Each Scalable Formal Communication Pattern { PUSH | PULL | ... | XSUB | SUB | PAIR } does not create a socket,
but
rather instantiates an access-point, that may later .connect() or .bind() to some counterparty ( another access-point, of a suitable type, in some Context() instance, be it local or not ( again, the local-inproc://-only infrastructures being the known exception to this rule ) ).
In this sense, an answer to a question "When the socket is ready?" requires an end-to-end investigation "across" the distributed-system, handling all the elements, that participate on the socket-alike behaviour's implementation.
Testing a "local"-end access-point RTO-state:
For this, your agent may self-connect a receiving access-point ( working as a PULL archetype ), so as to "sniff", when the local-end Context() instance has reached an RTO-state + a .bind()- created O/S L3+ interface starts distributing the intended agent's-PUSH-ed messages.
Testing a "remote"-agent's RTO-state:
This part can have an indirect or an explicit testing. An indirect way may use a message-embedded index. That can contain a raising number ( an ordinal ), which bears a weak information about an order.

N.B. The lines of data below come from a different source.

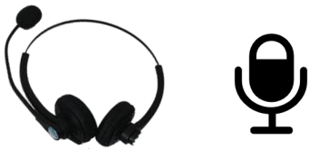
Two way intercom Monitor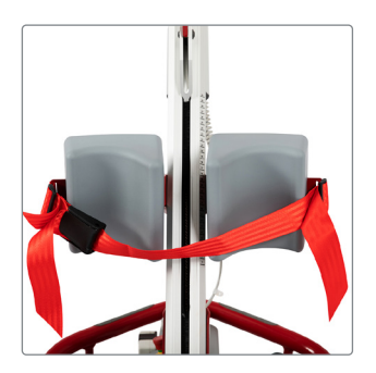
Adjustable knee pads Adjustable knee pads that can be turned around for better fitting and alternative support for the legs.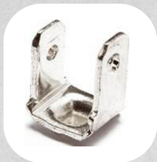
Ref: 0209 Terminal 4.8 U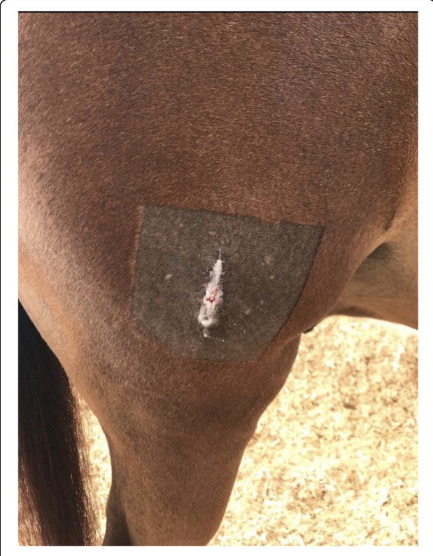
Fig. 5 Photograph illustrating the donor site after two weeks of healing in pony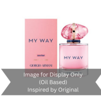
My Way Nectar by Giorgio Armani (Inspired by) R150.00 - R350.00

Given the PUSH-side message-routing strategy is Round-robin, the local-agent can be sure, that until it's local PULL-access-point receives all messages indicating a contiguous sequence of ordinals, there is no other "remote"-PULL-ing agent in an RTO-state. Once the "local" PULL-access-point receives "gap" in the stream of ordinals, that means ( sure, only in the case all the PUSH's .setsockopt()-s were setup properly ) there is another -- non-local -- PULL-ing agent in an RTO-state.
Is this usefull?
Maybe yes, maybe not. The point was to better understand the new challenges that any distributed-system has to somehow cope with.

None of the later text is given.